And the output O of the output layer can be defined as follows:

$$\begin{aligned} S_k= & {} \sum {\omega _{jk} } Y_j , \end{aligned}$$
(13)
$$\begin{aligned} O_k= & {} f(S_k ), \end{aligned}$$
(14)

where Y is the input of the output layer, and assume the desired output is P, then the output error is:

$$\begin{aligned} E=\frac{\sum _k {\left( {O_k -P_k } \right) ^{2}} }{2}. \end{aligned}$$
(15)

From Sects. 2.1 to 2.3, we can learn the three parameters (\(\lambda \), gd) and measure the definition of the image. In order to train the BP neural network, the differences of the three parameters between the two images are used as BP training parameters. An experimental result of the multi-focus image is given in Fig. 6, and the size of the source image is \(640\times 480\). We divide it into the \(40\times 40\) size image and get 192 images. And then we calculate the differences of normalized \(\lambda \), g and d of two source images, which are described as:

$$\begin{aligned} \lambda= & {} \lambda _1 /\max (\lambda _1 )-\lambda _2 /\max (\lambda _2 ), \end{aligned}$$
(16)
$$\begin{aligned} g= & {} g_1 /\max (g_1 )-g_2 /\max (g_2 ), \end{aligned}$$
(17)
$$\begin{aligned} d= & {} d_1 /\max (d_1 )-d_2 /\max (d_2 ). \end{aligned}$$
(18)

The three parameters of two multi-focus images are given in Fig. 6. The x-axis shows the sequence number of images, and the y-axis represents the difference of parameter between the two corresponding multi-focus images. The values of \(\lambda \), g and d can be used to measure which region is the focused region. In order to show the differences of these parameters in detail, the detail values of g in Fig. 6c are shown in Fig. 7.

Fig. 7
figure 7

Edge intensity g of two multi-focus images

Fig. 8
figure 8

BP neural network model

Fig. 9
figure 9

Experimental results of focus region partition. a Multi-focus images. b Location of the focused region. c Focused region of the multi-focus image. d Focus-region-level partition

In Fig. 6 the relationship between the three indexes and their corresponding subimage’s clarity is shown. We use the three indexes as the training data of BP, and BP neural network model is shown in Fig. 8.

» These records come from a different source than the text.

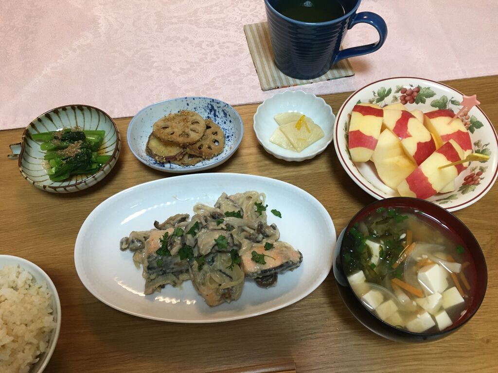 ◯五分つきご飯◯お味噌汁(豆腐、玉ねぎ、人参、しめじ、のり)◯鮭ときのこのクリームソース◯小松菜のおひたし◯れんこんとさつまいもの甘辛ごまがらめ◯大根のゆず漬け◯りんご
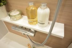 タンクレスタイプのトイレで吊戸棚や手洗い場など機能的です。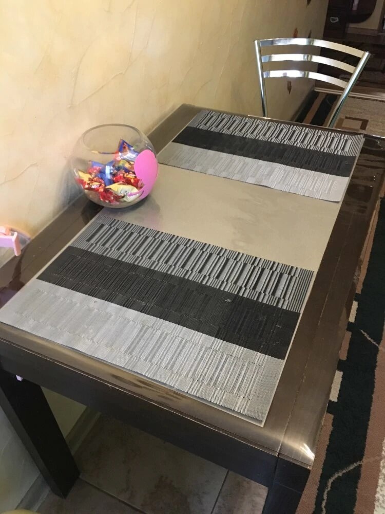 Противоскользящее свойство. Независимо от того, что поверхность скатерти смотрится гладкой, она отличается антискользящим покрытием, поэтому любой предмет, поставленный на нее, будет плотно прилегать к столешнице и не соскользнет.

The BP neural network training parameters are set to the expected error is \(10^{-6}\), and the maximum number of training iteration of network is 5000. We selected ten fully focused images, processed Gaussian blurred, then divided each image into the \(40\times 40\) size image and obtained 192 image sequences, and then 1920 pairs of focused image sequences and blurred image sequences are obtained, which are used to train BP neural network. We create the BP neural network: net=newff(minmax(P),[6,6,1],{‘tansig’,‘tansig’,‘purelin’},‘trainlm’). BP consists of three parts: one input layer which has three neurons, two hidden layers which each layer has six neurons and one output layer which is to determine whether the input image is focused image or not. And we set tansig as the transfer function of the hidden layers, which is described as:

$$\begin{aligned} f(x)=\frac{2}{1+e^{-2x}}-1. \end{aligned}$$
(19)

Then we can divide the focused region of the multi-focus image by the trained BP neural network. And the experimental results of focus region partition are given in Fig. 9.

3 Proposed fusion scheme

The proposed fusion scheme will be discussed in detail in this section, which is shown in Fig. 10. As discussed above, the focused region of the source multi-focus image which we have separated should be fused into the final image as much as possible. Next we discuss the non-focus region fusion rules.

Fig. 10
figure 10

Proposed fusion method flow chart

Fig. 11
figure 11

NSCT framework. a The decomposition framework of NSCT. b Ideal frequency partitioning

For the non-focus regions, we will fuse them by Gaussian blurred and PCNN-based method in the NSCT domain. We will make a brief introduction for NSCT and PCNN as follows.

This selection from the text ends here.